*WHAT TO WORK ON:* Look below for the line that contains "Sie starten mit", then copy it and each following line to the end of the records, minus any pictures.
··· PROVIDED DATA
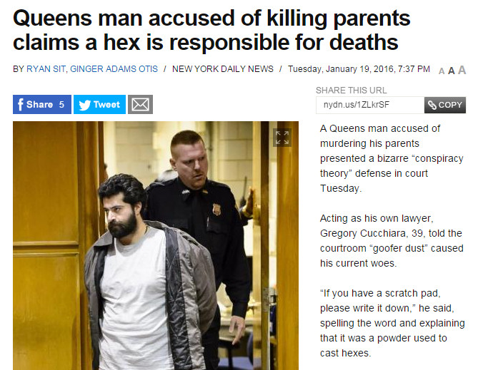 美國紐約39歲的男子古奇亞拉(Gregory Cucchiara)在2011年5月時,先毒打母親並淹死她之後,又拿枕頭悶死父親;本月19日出庭時,竟然替自己辯白,聲稱是被下蠱了。
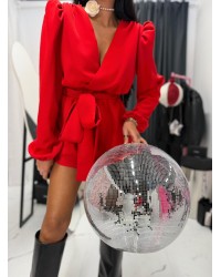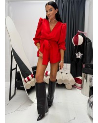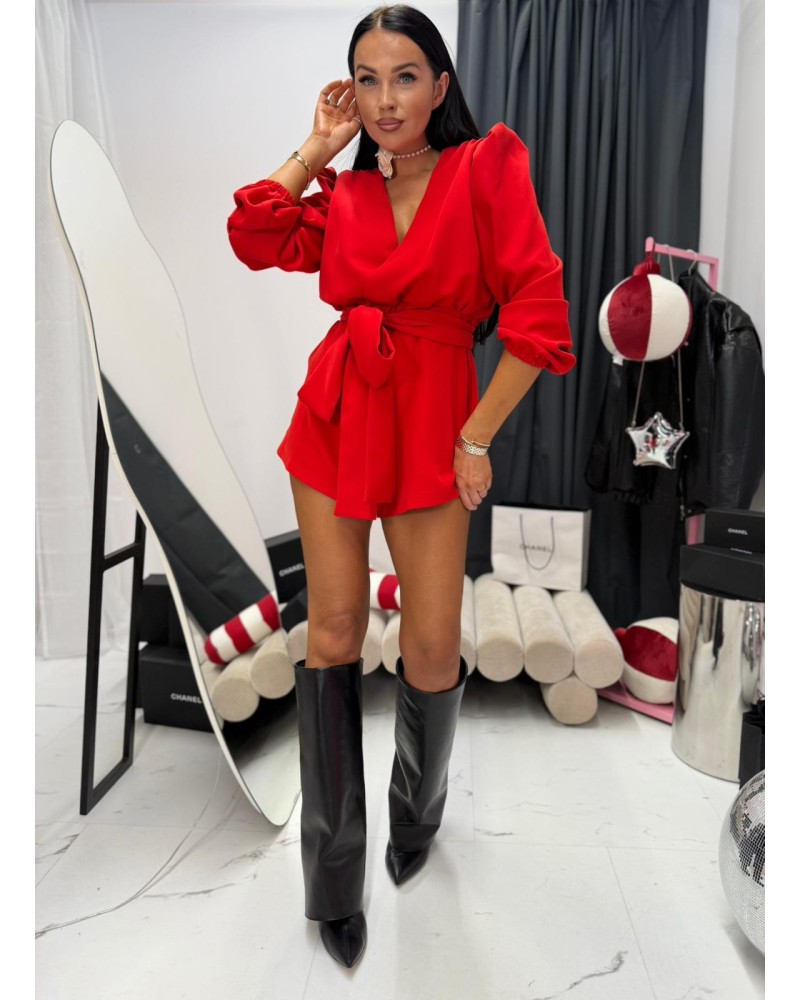 Elegancki kombinezon z głębokim dekoltem, bufiastymi rękawami i efektownym wiązaniem w talii. Zmysłowy, kobiecy i idealny na wyjątkowe okazje.
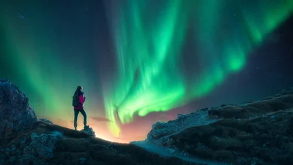 Aurora borealis, or northern lights, is one of nature's most spectacular and, at the same time, complex phenomena. The mesmerizing light show we see here on our planet results from particles that originate roughly 93 million miles away from the Sun. The particles travel across space and collide with Earth's atmosphere, leading to wavy light patterns in the polar night sky.
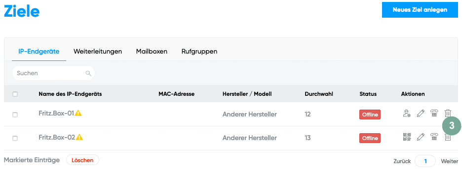Sie starten mit dem Anlegen der FritzBox als Ziel in Ihrem NetCologne Cloud PBX Konto. Dann legen Sie eine Weiterleitung zur FritzBox ein. Auf diese Weise verbinden Sie die Rufnummer mit der Fritzbox. Wichtig dabei ist, dass Sie für jede Ihrer später über die Fritzbox genutzten Rufnummern ein Ziel anlegen und benennen.
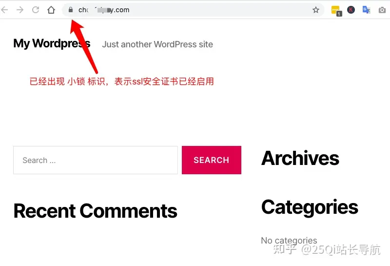 最后,我们再重新刷新网站,这时候,看到浏览器地址栏上原先的“不安全”三个字已经消失,变成了一把小锁,表示你的网站安全证书已经启用生效了。
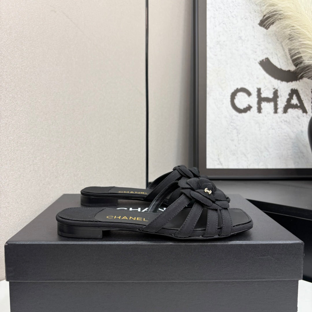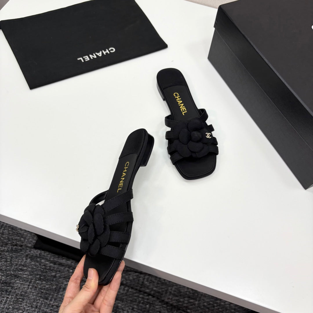 CC 25 Camellia Open Flat Mule Black Sheepskin And Fabric 368850
······
*YOUR SOLUTION:*
Sie starten mit dem Anlegen der FritzBox als Ziel in Ihrem NetCologne Cloud PBX Konto. Dann legen Sie eine Weiterleitung zur FritzBox ein. Auf diese Weise verbinden Sie die Rufnummer mit der Fritzbox. Wichtig dabei ist, dass Sie für jede Ihrer später über die Fritzbox genutzten Rufnummern ein Ziel anlegen und benennen.
 最后,我们再重新刷新网站,这时候,看到浏览器地址栏上原先的“不安全”三个字已经消失,变成了一把小锁,表示你的网站安全证书已经启用生效了。
 CC 25 Camellia Open Flat Mule Black Sheepskin And Fabric 368850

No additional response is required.